Pete picked up the shirt and started toward the boy. An outsized fear gripped the child and he backed into the wall and slid down against it and closed his arms around his head.

“Hey, hey it’s all right,” Pete said. “I’m not gonna hurt you. Here—”

But when Pete set the shirt on the tile before the kid, he clutched himself, pressed his face in his folded legs. Pete stepped back.

“Come on,” Pete said. “You’re wearing rags.”

The kid didn’t move. Five minutes like this. Ten. Flatware clapping together in the kitchen. Someone tried the door and Pete shouted that the bathroom was out of order.

The kid muttered into his legs.

“I can’t hear you when you talk into your lap like that.”

The kid looked up at him. “I can’t.”

“Sure you can. Then we’ll eat—”

“He won’t…”

“Who won’t? Your father? He won’t want me helping you and your family?”

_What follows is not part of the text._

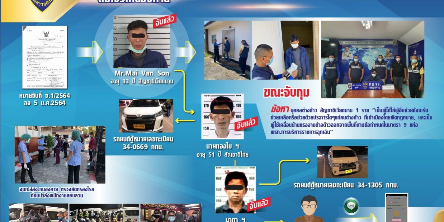 เจ้าหน้าที่ชุดสืบสวนปราบปราม ตม.จ.หนองคาย ได้นำรถยนต์ตรวจการณ์อัจฉริยะ BMW ออกลาดตระเวนเพื่อสืบสวนและจับกุมการกระทำผิดเกี่ยวกับการลักลอบเคลื่อนย้ายแรงงานต่างด้าวมาจากพื้นที่เสี่ยง จนกระทั่งพบรถยนต์ตู้ต้องสงสัยจำนวน 2 คัน ซึ่งได้ชะลอเพื่อหลบเลี่ยงการตรวจก่อนถึงจุดตรวจด่านหนองสองห้อง ต.ค่ายบกหวาน อ.เมืองหนองคาย จ.หนองคาย เมื่อพบว่ามีการตั้งด่านจึงพยายามจะกลับรถหลบหนีการตรวจสอบ จนท.ชุดจับกุม จึงได้เข้าแสดงตัวขอตรวจสอบ พบนายทองใบ อายุ 51 ปี สัญชาติไทย เป็นผู้ขับขี่รถยนต์ตู้สีขาว ทะเบียน กทม. และ นายทา เป็นผู้ขับขี่รถยนต์ตู้สีขาว ทะเบียน กทม. โดยมีแรงงานชาวเวียดนามโดยสารมาทั้งสิ้น 12 คน ตรวจสอบพบว่าเป็นผู้กระทำความผิดฐานหลบหนีเข้าเมือง 2 คน และอยู่เกินกำหนดจำนวน 6 คน จึงได้ควบคุมตัวมาสอบสวนที่ ตม.จ.หนองคาย

The boy traced the lines of the grout in the tiles between his legs.

“Does he hurt you?”

“No.”

“Does he hurt you mother?”

No answer.

“Look, Benjamin. Let me tell you what I see. I see a kid who’s sick and small because he hasn’t been getting fed enough. And now you’re telling me that you can’t put on some new clothes. I’m starting to wonder if it’s safe for you to go home—”

“You’re not gonna take me home?!” the kid screamed. “You can’t keep me! You have no right!”

“Whoa!” Pete shouted. “Just calm down. I’ll take you home. But I want you to—”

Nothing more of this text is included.